Sircel and Reclaim PV are other companies already working on solar panel recycling in Australia, and earlier this year the Queensland government promised $5 million for the industry. 

But with the new arena of quality assurance falling into the feasibility study grant round, PV-Lab partner Dr Michelle McCann is pleased that it could encourage new companies to move into this space. 

“We think it’s really important that quality assurance and testing be included, and this is just a beautiful opportunity to include that from the beginning and therefore get what’s made in Australia, and also what’s being imported into Australia, to level up,” McCann told Renew Economy.

“The more we talk about this, the more it’s exposed, it brings the prices of testing down for everybody which brings the overall price of PV down.”

She says the rule of thumb around PV panel testing is that panel makers that know their product will be tested before hitting the market deliver panels that generate 3 per cent higher power on day one.  

Building in Australia is doable: study

The Solar Sunshot was announced in March and ARENA CEO Darren Miller says as solar power is set to be the foundation of Australia’s future energy supply, the funding program aims to scale and diversify an industry at home.

“We need to build on our history of innovation and extend this into manufacturing across the solar supply chain. The demand for solar required to meet our net zero and renewable energy superpower goals is immense and Australia has the opportunity to build resilience and unlock long-term economic opportunity,” he says. 

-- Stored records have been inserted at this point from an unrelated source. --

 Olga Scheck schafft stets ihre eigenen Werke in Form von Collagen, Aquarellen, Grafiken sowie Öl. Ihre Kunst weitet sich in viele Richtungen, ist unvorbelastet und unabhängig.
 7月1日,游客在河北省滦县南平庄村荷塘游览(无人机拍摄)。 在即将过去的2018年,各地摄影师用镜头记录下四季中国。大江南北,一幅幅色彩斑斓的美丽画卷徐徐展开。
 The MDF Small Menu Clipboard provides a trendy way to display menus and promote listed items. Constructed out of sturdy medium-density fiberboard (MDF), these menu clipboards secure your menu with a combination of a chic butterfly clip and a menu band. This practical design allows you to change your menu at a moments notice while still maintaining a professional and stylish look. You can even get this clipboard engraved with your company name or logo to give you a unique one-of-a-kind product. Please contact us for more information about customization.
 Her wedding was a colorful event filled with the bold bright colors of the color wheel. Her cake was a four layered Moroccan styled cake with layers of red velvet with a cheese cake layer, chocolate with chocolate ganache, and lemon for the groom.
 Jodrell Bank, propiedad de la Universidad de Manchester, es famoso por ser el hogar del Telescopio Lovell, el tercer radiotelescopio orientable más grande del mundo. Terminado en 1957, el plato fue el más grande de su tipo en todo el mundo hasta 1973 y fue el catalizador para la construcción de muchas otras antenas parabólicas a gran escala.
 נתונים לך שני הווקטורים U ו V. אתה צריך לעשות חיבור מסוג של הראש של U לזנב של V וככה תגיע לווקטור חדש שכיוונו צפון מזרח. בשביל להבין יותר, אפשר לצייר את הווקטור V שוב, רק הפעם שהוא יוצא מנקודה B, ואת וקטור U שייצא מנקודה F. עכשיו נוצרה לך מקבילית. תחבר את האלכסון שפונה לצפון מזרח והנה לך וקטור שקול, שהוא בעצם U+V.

The program came on the back of the ARENA-backed Silicon to Solar Study, a “road map” for how Australia can make its own solar.

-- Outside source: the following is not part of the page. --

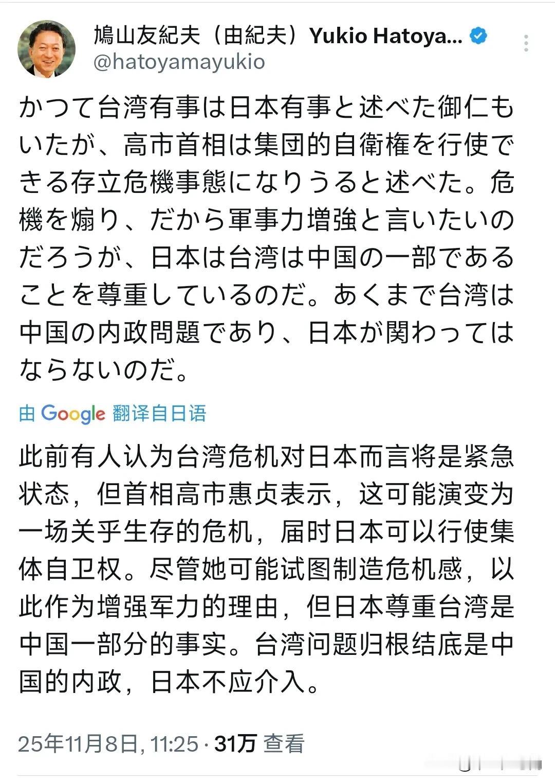 日本前首相鸠山由纪夫今天(11月8日)发文写道:“此前有人称称台湾有事是日本有事,但高市首相表示,这可能演变为一场关乎生存的危机,届时日本可以行使集体自卫权。尽管她可能试图制造危机感,以此作为增强军力的理由,但日本尊重台湾是中国一部分的事实。台湾问题归根结底是中国的内政,日本不应介入。” 评几句 鸠山由纪夫这番话,像是一记清脆的耳光,打在高市早苗这种“战争妄想家”的脸上。台湾有事就是日本有事?这是谁给的胆子,又是谁写的剧本?一个中国原则是国际社会的普遍共识,不是某些日本政客拿来刷存在感的道具。高市早苗的言论,不是“危机感”,是“挑衅感”,是把日本往火坑里带的节奏。 鸠山由纪夫说得直白:台湾问题是中国的内政,日本插什么手?这不是“战略模糊”,这是“战略清醒”。可惜,现在的日本政坛,清醒的人太少,炒热点的太多,把和平当筹码,把主权当交易的,更是大有人在。鸠山由纪夫的声音,虽然不大,却像一根刺,扎在那些还想借台湾问题翻旧账、搞新冷战的人身上,疼,但必要。 日本若真为自身安全着想,就该多听鸠山由纪夫的,少跟高市早苗这种“战争嘴炮”瞎起哄。

The study was developed by the Australian PV Institute (APVI) working with Deloitte and a group of key industry stakeholders including The Australian Centre for Advanced Photovoltaics (ACAP), AGL, Aspiradac, Energus, Siemens, SunDrive, Tindo Solar and 5B.

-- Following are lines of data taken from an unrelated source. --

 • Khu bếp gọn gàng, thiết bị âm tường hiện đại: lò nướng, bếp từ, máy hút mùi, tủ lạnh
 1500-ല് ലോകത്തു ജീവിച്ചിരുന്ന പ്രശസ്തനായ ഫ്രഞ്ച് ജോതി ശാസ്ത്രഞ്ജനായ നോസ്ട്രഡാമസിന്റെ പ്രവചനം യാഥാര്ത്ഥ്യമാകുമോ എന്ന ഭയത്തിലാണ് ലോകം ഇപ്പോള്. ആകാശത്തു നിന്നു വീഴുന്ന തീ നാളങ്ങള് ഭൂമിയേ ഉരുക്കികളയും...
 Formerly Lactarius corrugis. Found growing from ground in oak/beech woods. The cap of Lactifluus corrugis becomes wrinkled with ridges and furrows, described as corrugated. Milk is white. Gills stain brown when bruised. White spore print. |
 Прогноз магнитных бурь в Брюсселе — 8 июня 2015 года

As RenewEconomy reported at the time, the report found that establishing manufacturing capability of 10GW of poly-silicon – a key raw material for making PV – and 5GW across the other steps of the value chain (ingots/wafers, solar cells and panels) is “credible and feasible” with the right government policy support.

In terms of the financial support needed to develop a fully integrated domestic manufacturing capability of minimum viable scale across the value chain, the report gave an estimate of $A3.2 billion over a 10-year production period.

Rachel Williamson is a science and business journalist, who focuses on climate change-related health and environmental issues.